Alt text is simply the alternative text displayed with an image. Think of it as the backup text that provides some context about what your image is, for those that have images blocked or turned off by default. Many marketers learn about alt text the hard way by forgetting to use it and suffering the consequences. Don’t be that person.

As you can see from the example below, when images are blocked, subscribers see what looks like a broken image, or a red “X”. In this case, alt text indicates that there is an image and provided a little context about the image to encourage subscribers to “turn on or enable” images in the email.

For more on Alt text check out our design guide and this post by our pals at Litmus.

Web Fonts + Fallbacks

When it comes to email marketing, it’s best practice to use web fonts wherever you can, however, it’s important to keep in mind, that not all email clients offer universal support for web fonts.

Example: Uses @import + @fontface to bring in Clobber, Gotham Book, Gotham Medium, and Montserrat fonts.

Google Fonts is a great resource to add web fonts to your emails. We suggest using live text when possible for better legibility across devices and consistent brand experience from email to website to add web fonts to your emails.


@import url

Currently, the @import method is not supported in AOL using IE11 and Android 2.3.

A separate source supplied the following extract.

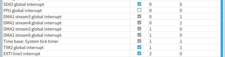 解决方法:按照上图设置优先级 SD>SPI_DMA>SD_DMA>EXTI

<link href=”” rel=”stylesheet” type=”text/css”>

The <link> method is fully supported among the email clients listed above. Web font services will provide you with the href value to use for your web font of choice. If you’re hosting your own web-font, you’ll have to change the href value to where you’ve hosted your web font.


<style type="text/css">
@media screen {
       font-family:'Open Sans';
       src:local('Open Sans'), local('OpenSans'), url('') format('woff');

Think of the @font-face method as a direct-to-the-source sort of method of importing your web fonts. It can be more reliable to import the web font directly from the source as you can choose which format of web font you want to import. Especially if you’re given a choice, which some web font suppliers do have.

If web fonts are not supported there are fallback fonts that will be seen instead. When setting fallbacks, remember to use a “web safe font”. System fonts like Calibri are not always supported across all clients.

Email Marketing - Safe Web Fonts

Each email client also has a preferred or default font which users would see instead of your chosen web font. The three most popular desktop email clients have the following defaults:

Apple Mail = Helvetica
Gmail = Arial
Microsoft Outlook = Times New Roman

Outlook is a special case. If a webfont fails in Outlook, it ignores the fallback fonts and just decides to render everything in Times New Roman. If this happens, add this CSS to your email and you should be good to go.

<!--[if mso]>
<style type="text/css">
body, table, td, p, li, a {font-family: Arial, Helvetica, sans-serif !important;}

Add other elements like p, li, a, etc. if you need to fix Outlook rendering Times New Roman on those elements too.

For more help implementing web fonts in your emails, check out our guide here.

White Space

White space is the blank area around your paragraphs, images, and call to action buttons.

Adding ample white space around the elements in your email encourages click-throughs by separating them visually from other elements in your email and helping focus the reader’s attention on them at the right time. It can also increase the legibility of your email and improves the eyes’ ability to follow the content. Use your best judgment to ensure your copy and CTA button are separated enough to stand out, but close to enough that your readers know they’re connected.

Mobile Optimization

Email opens on mobile devices just keep increasing year after year. The latest stats are that over 68% of email opens occur on mobile. Making your emails mobile-friendly is easier than ever by:

  • Using a mobile-friendly template
  • Keep your subject line short
  • Use preheader text
  • Use minimal body copy
  • Use one clear and easy to click CTA button (According to a recent MIT study, the average size of an adult index finger is between 1.6cm and 2 cm, which translates to between 45 x 45px and 57 x 57px on a mobile device.) Multiple CTAs can be confusing and lead to overwhelm, which you definitely want to avoid.
  • Increase the size of body copy if it’s small on desktop emails. (16px is a good size for mobile)
  • Make sure your images aren’t too small or hard to see when on mobile

Coding Mobile Emails

If you are coding your emails, there are two approaches to mobile emails: responsive and hybrid.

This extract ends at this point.